# When my Son was 2....



## Kenpojujitsu3 (Mar 22, 2007)

...I began teaching him Ju Jitsu...







...when he became 4 I added Kenpo....






...Yesterday at age 6 I thought I could still take him. So I tackled him to the ground from behind and started raining punches. This nut rolls to guard and blocks punches with his feet....I thought it was luck he was blocking...he proved me VERY wrong so we took some pics of the final result.











Hawkins IV by armbar. The surprising part is 1) I didn't give him the arm he got it himself 2) I didn't tell him what to do or how to do it so all the "details" the grapplers see he did on his own and 3) we haven't worked Ju Jitsu or Kenpo in a long time together as he seemed to lose interest and I didn't want to force him. I'm beyond happy right now, I guess it's time to start teaching him again?
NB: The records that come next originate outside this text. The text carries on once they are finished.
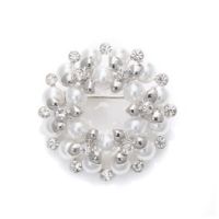 パールビジュウとビジュウをあしらった、クリスマスのイメージにぴったりなリースモティーフのブローチです。
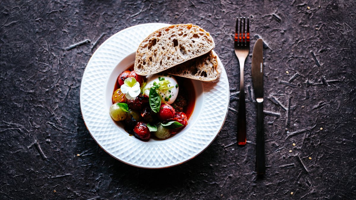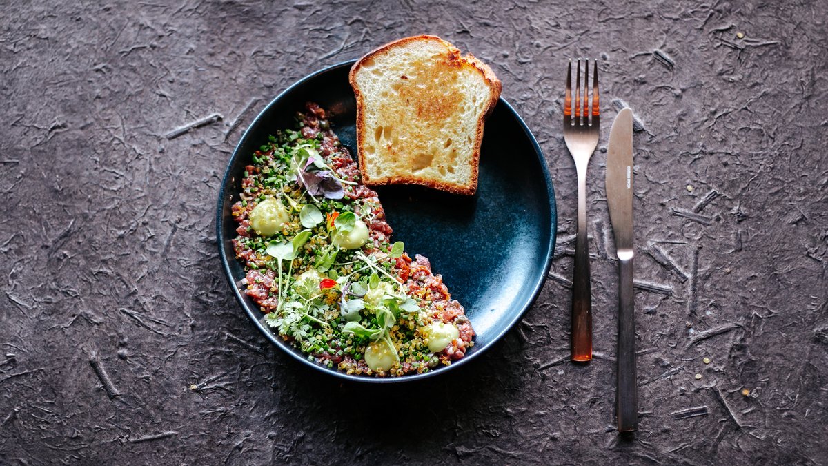 Veisetartar, viin, kapparid, päikesekuivatatud tomatid, sinepiseemned, šalottsibul, vürtsikas kaste, sojakastmes soolatud munakollane, tilli ja küüslaugu aioli, krõbe brioche
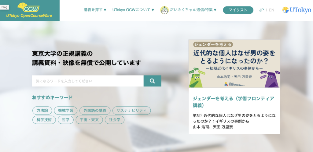 2位:東京大学|UTokyo OCWで触れる研究大学の講義
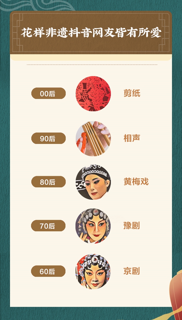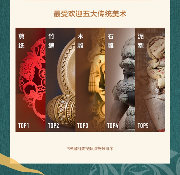 根据非物质文化遗产的分类,京剧、黄梅戏、豫剧、越剧、秦腔因获赞数排名前列,入选抖音最受欢迎五大传统戏剧;唢呐艺术、陕北民歌、古琴艺术、儋州调声、南音入选抖音最受欢迎五大传统音乐;剪纸、竹编、木雕、石雕、泥塑则入选最受欢迎五大传统美术,其中剪纸在抖音获赞超过1.3亿次。
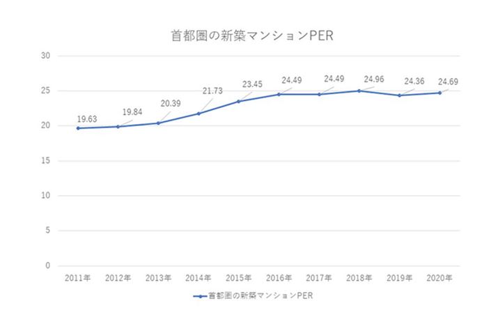 首都圏のマンションPERの平均は、下記のグラフを見てわかるとおり上昇傾向となっています。2011年のPERは19.63だったのが、アベノミクスが始まった2012年から上がり始め、2020年は11年比5ポイント増の24.69。2011年だったら購入に充てた資金を20年弱で回収できたのが、現在は25年弱かかるようになったことを意味します。「賃料相場はさほど大きく変動しない反面、新築マンションの価格は景気動向などを受けて値上がりしやすい傾向があります。PERの上昇は首都圏の新築マンション価格の高騰を受けてのことで、『割高感』は一層強まっています」(住宅ジャーナリスト・山下さん)

Just felt like sharing, this is a good time for me.


----------



## terryl965 (Mar 22, 2007)

Very nice see childern can learn to develope that instrinct.


----------



## IWishToLearn (Mar 30, 2007)

Congratulations James - I'm sure you're beyond proud.


----------



## morph4me (Mar 30, 2007)

Great pics. You have alot to be proud of. Thanks for sharing


----------



## Doc (Mar 30, 2007)

Kenpojujitsu3 said:


> ...I began teaching him Ju Jitsu...
> 
> 
> 
> ...


Dam, I've been talking to the wrong Hawkins.


----------